In SanteDB the a security application represents a piece of software code which is authorized to access data within the SanteDB iCDR environment. In OpenID nomenclature, an application in SanteDB represents an authenticated client (client_id/client_secret).

Application List

The application list screen shows a listing of all registered security applications (and profiles) in the implementation of SanteDB.

• Create Application Identity: Used to establish a new authenticated application.

• Details / Edit : Used to view the security details of the authenticated application and change if needed.

• Delete : Deactivates the application in the SanteDB server instance so no authentications or lookups will be resolved.

• Lock Application: Prevents the application or any user on that application from gaining access.

Create Application

Creating a new application in the administrative portal establishes a new identity registration in the application identity provider. Data collected to create a new security application includes:

• Name: A unique name for the application in the SanteDB identity provider. The name is equivalent to the client_id in the oauth request.

• Software Name: A descriptive name of the software to which this application belongs.

• Software Vendor: A description of the software vendor/support contact

• Software Version: The version of the software that owns this application credential

Generate an Application Secret

Once created, the administrative interface will show the created application. The administrator must generate an application secret using the Reset option.

The application secret should be saved and sent to the integration partner or application developer.

Editing Applications

When editing an application from the application list or after creating an application, the properties of the device can be modified.

Resetting Security State

Applications, like users and devices, can become locked if they fail to authenticate properly after a specified amount of time. This could be due to mis-configuration of the client or the security settings.

Each time an application authentication attempt fails, the invalid authentication counter will be incremented until the application locks.

An administrator the security settings:

1. Invalid Authentication attempts shows the number of the client application authentications that have failed. If the configured maximum authentication fails is exceeded by this counter the application account is locked.

2. Lockout shows the time until which time the application is locked. No authentication attempts will be permitted while the application is locked. (users may complain of applications not working or credentials not working). Unlocking the application will allow authentications with the credential.

3. Application secret allows for the changing of the application secret. The application secret is randomly generated, and should shared with the known development staff of the client application.

Assigning Policies

By default a new application will copy its policies from the APPLICATIONS group. After creation policies can be customized using the policies panel. New policies are added by first searching for the policy and then pressing the + button.

By default an application will be assigned the policy with a GRANT permission. You can alter these by clicking the permission type.

The permission types in SanteDB are:

• Grant - The application will be granted access to any action or data carrying the policy

• Deny - The application is not permitted to access any action or data carrying the policy.

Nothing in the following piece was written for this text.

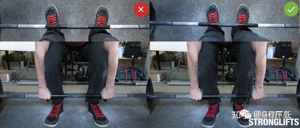 1、如下右图,站的窄一点,不是与肩同宽,防止膝盖内扣!你站的窄了,发现无论多大重量,膝盖即使变形也是外扣,不会发生内扣,而且核心更加容易收紧了。
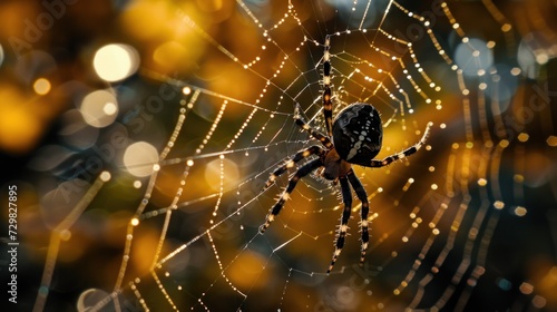 a close up of a spider's web with drops of dew on it's back and a blurry background of trees and yellow lights in the background.

• Elevate - The application is, by default, DENY the request, and the server will send a authentication challenge back to the requestor. Users may be required to provide a reason for override and must provide their password.

Policies can be removed from an application by clicking the Remove button. When a policy is removed, it means that the application (or any device or user using it) has no specific grant applied to the policy (i.e. if the user is in a group its grant will apply, otherwise the default of DENY is applied).